The next bubble from all this printing?...."the unintended consequence" Everyone talks of the next asset bubble being burst. However they pick either the stock market or some other arbitrary monetary bubble. As can be seen by the relentless March of the DJIA over the past 100 years this nominal invasion of the atmosphere has brought about corrections of no more of 60% since leaving the gold standard followed by surges upwards of between 100 to 400%. Thus stock markets don't have bubbles but just mere periods of bubble deflation so that asset confiscation happens between the haves and have nots.

So where is the next bubble from this excessive global monetary press printing?
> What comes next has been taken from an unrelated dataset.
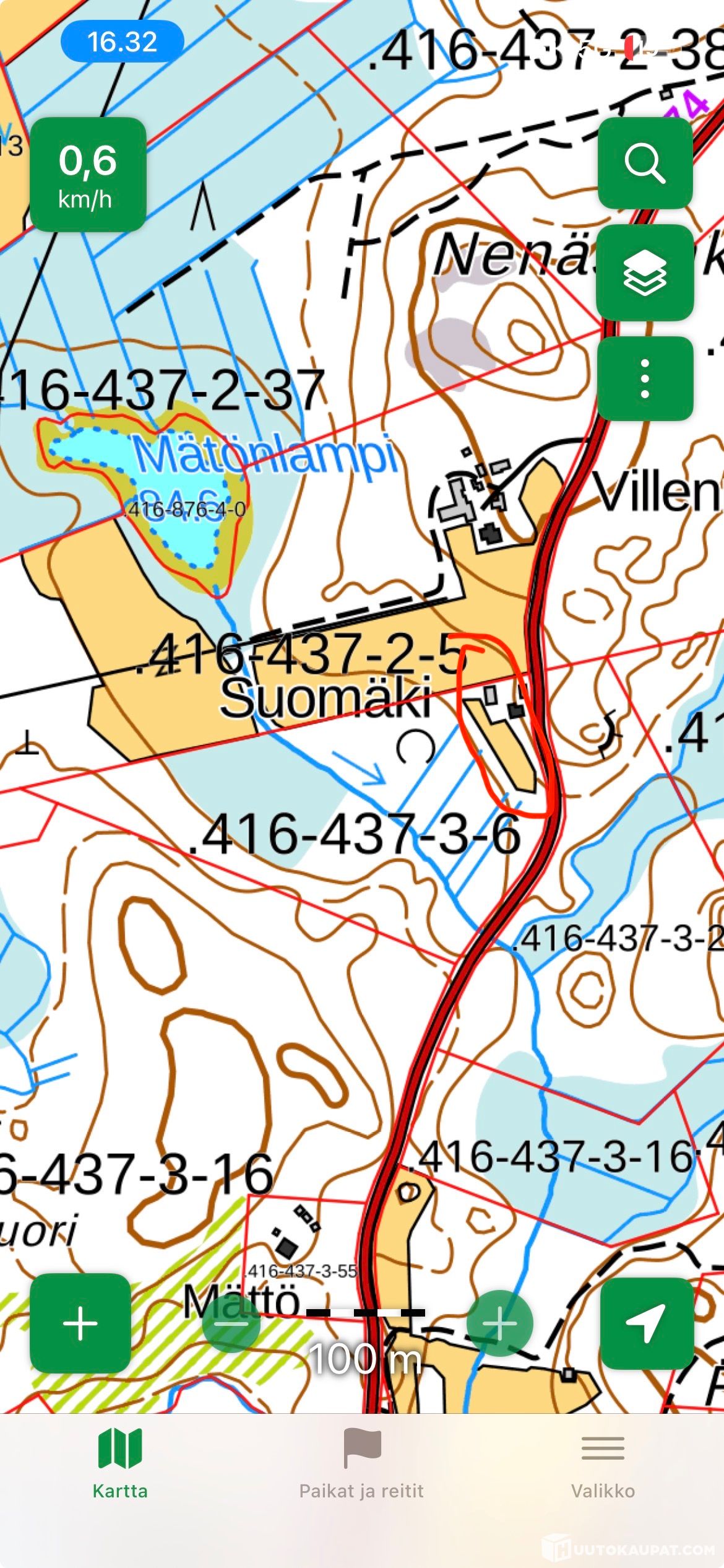 Kiinteistöstä 416-437-3-6 Suomäki lohkaistava n. 0,5 ha kiinteistö, jossa pieni peltoala, puutarha (omenapuita ja marjapensaita), hyväkuntoinen vanha aita ja navetta sekä tyhjillään ollut 1953 valmistunut talo. Määräalalla olevat rakennukkset ovat tulleet haltuun metsäkaupan yhteydessä (2025), jolloin ne on myyty purkukuntoisina. Talossa ei ole vesijohtoa eikä viemäriä. Sähköt on. Silmämääräisesti arvioiden talo vaatii ulkomaalauksen ja sisällä seinän pinkopahvin vaihdon tai muun pintakorjauksen lähinnä olohuoneessa. Lattiat ja laipio ok. Talossa, navetassa ja aitassa jonkin verran irtaimistoa, huonekaluja, pientavaraa, työkaluja ja esimerkiksi polttopuita. Navettarakennuksessa on myös sauna. Navetan tai talon hormistoja ei ole tarkastettu tai nuohottu. Kiinteistövero vuodelle 2026 on 86,70€. Määräalan lohkomiskustannukset noin 1500€ maksetaan ostajan kanssa puoliksi.

Consumer Confidence vs DJIA chartis this the divide between the bourgeois and proletariat

The above chart would have looked the same during the 1980s. Well the next bubble is a class divide society bubble....ie a political bubble as a result of the the ever growing gulf between the Wall Street conquerors and the working class(at least the few who have jobs)..... The concentration of capital seems to be heavily skewed after a Great Recession/depression and like after 1929 it took around 5 yrs till fascist and ultra right wing parties become vogue....aka Hitler, Mussolini and the likes. So this money printing is creating political bubbles where Main Political party voters are shifting their allegiance to the more popular ideological parties that serve their new aspirations. Just need to look at the current political landscape in Europe where Italy's 5 star Movement of Beppe Grillo and Britians UKIP with Nigal Farage are a few examples of where votes are being captured. I suppose the bursting of a political bubble is more severe than the bursting of an asset bubble although its the asset bubble bursting central bank response which then creates the political bubble.

In conclusion:

As we have seen on the DJIA since the beginning of the 20th century its corrections are less severe since leaving the gold standard and old highs are revisited at a greater velocity provided Central banks are active in both competitive currency devaluation and liquidity pumping. It took 30 years for the 1929 highs to be revisted (USA under the Gold standard) whereas the 2007 highs took just over 5 years. This is the classical Nominal yield party or more appropriately named Zimbabwe Markets. European peripheral nations will be left behind for decades (as can be seen in the Japanese markets due to the yen strength) if they decide to hold onto the Eurozone straight jacket or if there is no European yield convergence and significant Euro devaluation. So although USA, German and UK markets look stretched it seems that corrections will always be of the magnitude of approximately 20% before rapid rises again. So to be a participant of the global stock market yield party a country needs to be owner of its currency and then employ aggressive devaluation tactics to compete in the export market. Most importantly from a trading/investing perspective any bad news on foreign shores being hyped by the media such as the Peso and European crises provides opportunity for new longs in equity markets that have independent monetary systems.